=== PROVIDED ENTRIES ===

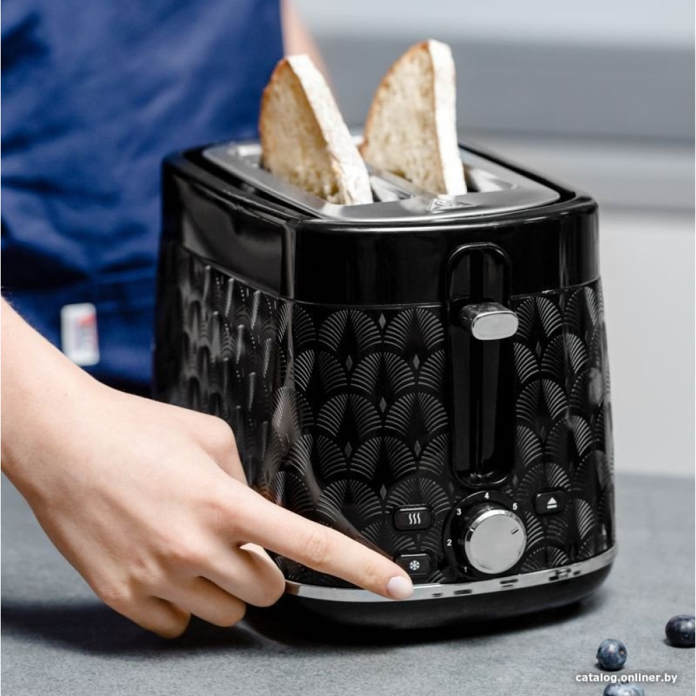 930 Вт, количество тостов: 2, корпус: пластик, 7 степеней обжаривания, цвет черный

===
=== PROVIDED ENTRIES ===

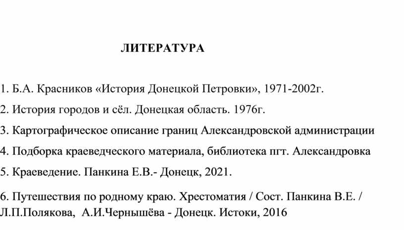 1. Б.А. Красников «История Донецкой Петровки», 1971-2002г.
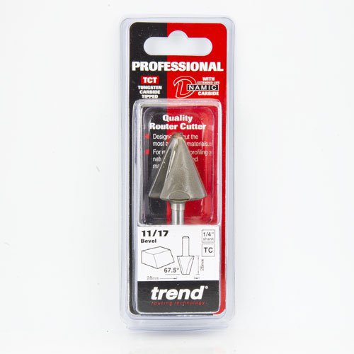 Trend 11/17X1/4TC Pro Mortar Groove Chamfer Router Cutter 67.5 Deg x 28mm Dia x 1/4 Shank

===
=== PROVIDED ENTRIES ===

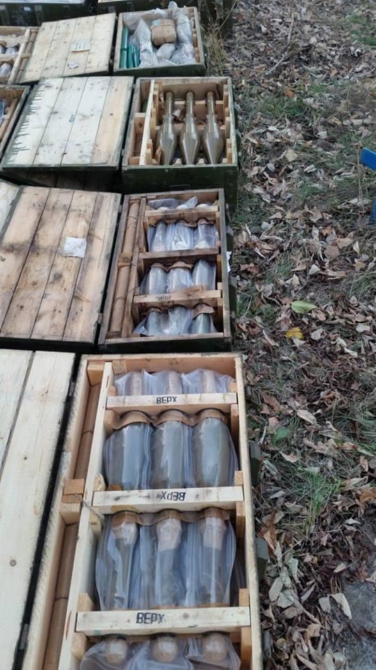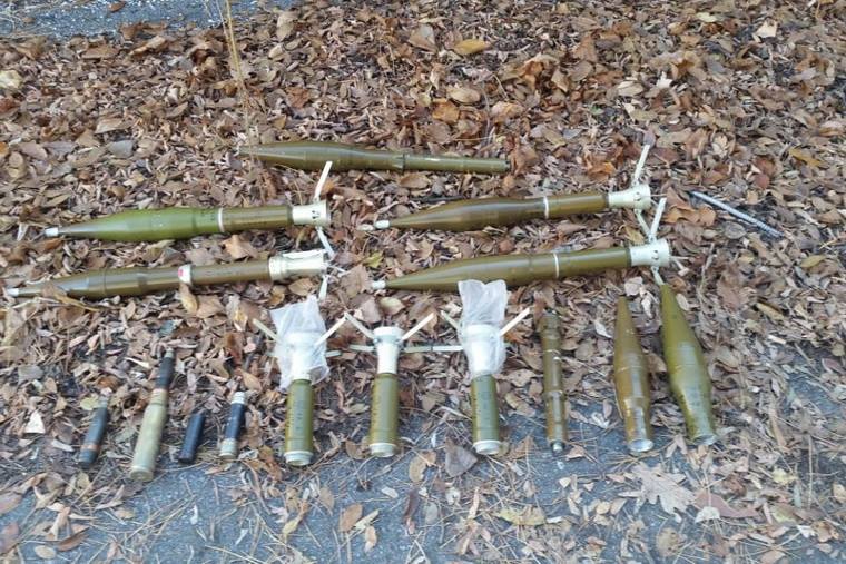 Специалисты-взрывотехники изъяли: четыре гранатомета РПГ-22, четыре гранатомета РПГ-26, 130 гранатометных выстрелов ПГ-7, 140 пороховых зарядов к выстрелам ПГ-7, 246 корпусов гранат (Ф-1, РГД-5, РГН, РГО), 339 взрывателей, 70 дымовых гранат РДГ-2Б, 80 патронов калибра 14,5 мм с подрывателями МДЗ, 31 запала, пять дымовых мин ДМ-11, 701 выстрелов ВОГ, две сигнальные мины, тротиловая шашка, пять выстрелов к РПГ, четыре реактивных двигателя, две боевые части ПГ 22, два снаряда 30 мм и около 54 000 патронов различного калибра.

===

- [EXERCISE PROMPT]: Using the data above, give again exactly the lines starting at the one holding "1. Б.А. Красников" and ending at the one holding "Trend 11/17X1/4TC Pro", inclusive, and nothing more. Omit the pictures.

- [RESPONSE]:
 1. Б.А. Красников «История Донецкой Петровки», 1971-2002г.
 Trend 11/17X1/4TC Pro Mortar Groove Chamfer Router Cutter 67.5 Deg x 28mm Dia x 1/4 Shank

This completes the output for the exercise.